* _Provided data_:

§

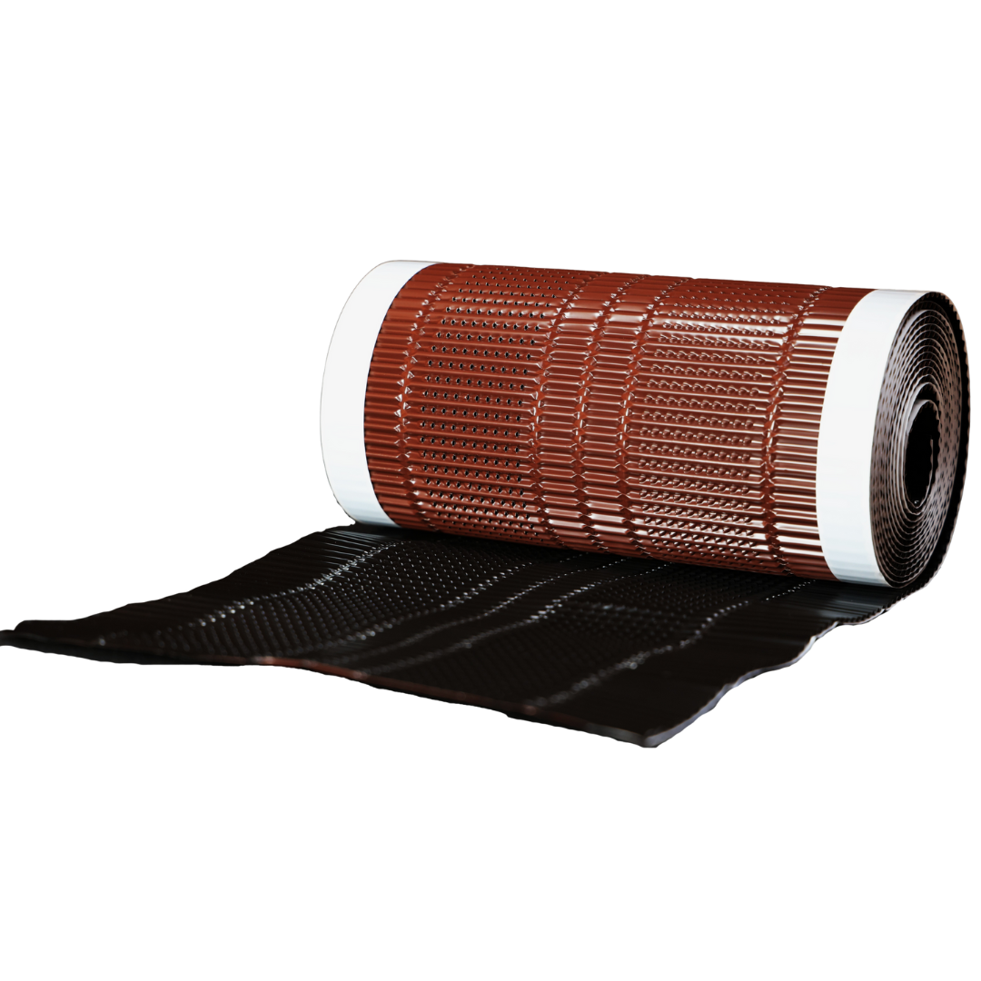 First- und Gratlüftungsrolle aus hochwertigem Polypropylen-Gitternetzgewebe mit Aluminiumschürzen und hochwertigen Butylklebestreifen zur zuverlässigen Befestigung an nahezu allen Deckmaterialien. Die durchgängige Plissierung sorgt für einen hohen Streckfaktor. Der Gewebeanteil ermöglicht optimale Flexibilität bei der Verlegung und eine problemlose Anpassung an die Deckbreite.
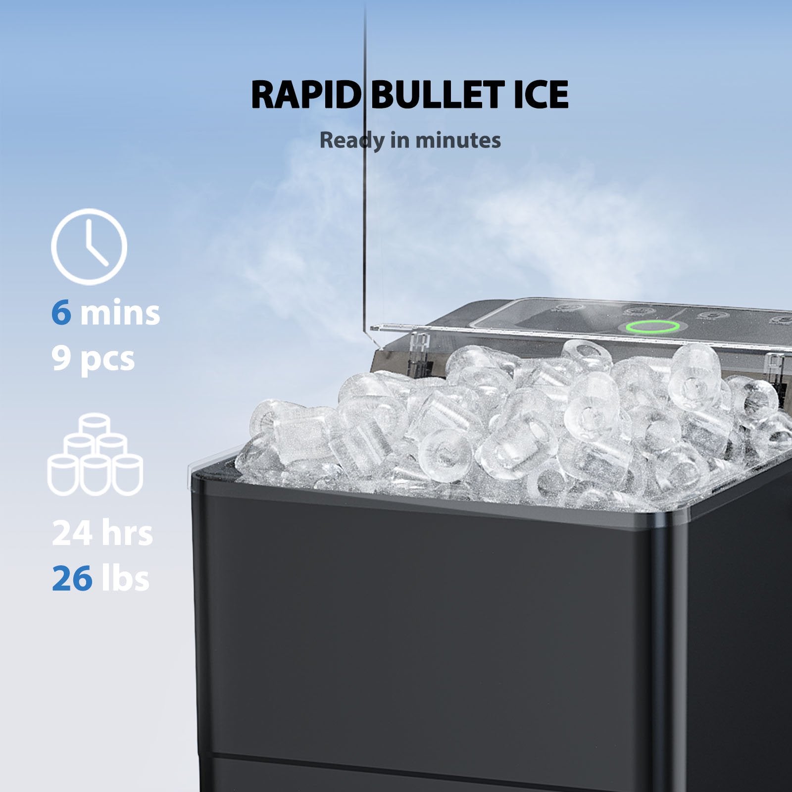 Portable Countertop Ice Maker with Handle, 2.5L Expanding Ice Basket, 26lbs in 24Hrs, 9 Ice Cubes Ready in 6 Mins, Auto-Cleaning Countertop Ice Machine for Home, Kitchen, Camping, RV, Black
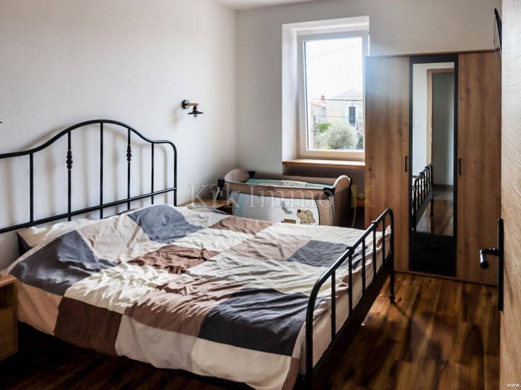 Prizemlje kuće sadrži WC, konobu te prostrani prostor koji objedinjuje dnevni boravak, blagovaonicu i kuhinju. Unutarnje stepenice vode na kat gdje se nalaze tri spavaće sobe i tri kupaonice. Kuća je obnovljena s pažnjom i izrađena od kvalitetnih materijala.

§

* _Work request_: Write out every line above exactly as it is, leaving out the pictures.

* _Response_:
 First- und Gratlüftungsrolle aus hochwertigem Polypropylen-Gitternetzgewebe mit Aluminiumschürzen und hochwertigen Butylklebestreifen zur zuverlässigen Befestigung an nahezu allen Deckmaterialien. Die durchgängige Plissierung sorgt für einen hohen Streckfaktor. Der Gewebeanteil ermöglicht optimale Flexibilität bei der Verlegung und eine problemlose Anpassung an die Deckbreite.
 Portable Countertop Ice Maker with Handle, 2.5L Expanding Ice Basket, 26lbs in 24Hrs, 9 Ice Cubes Ready in 6 Mins, Auto-Cleaning Countertop Ice Machine for Home, Kitchen, Camping, RV, Black
 Prizemlje kuće sadrži WC, konobu te prostrani prostor koji objedinjuje dnevni boravak, blagovaonicu i kuhinju. Unutarnje stepenice vode na kat gdje se nalaze tri spavaće sobe i tri kupaonice. Kuća je obnovljena s pažnjom i izrađena od kvalitetnih materijala.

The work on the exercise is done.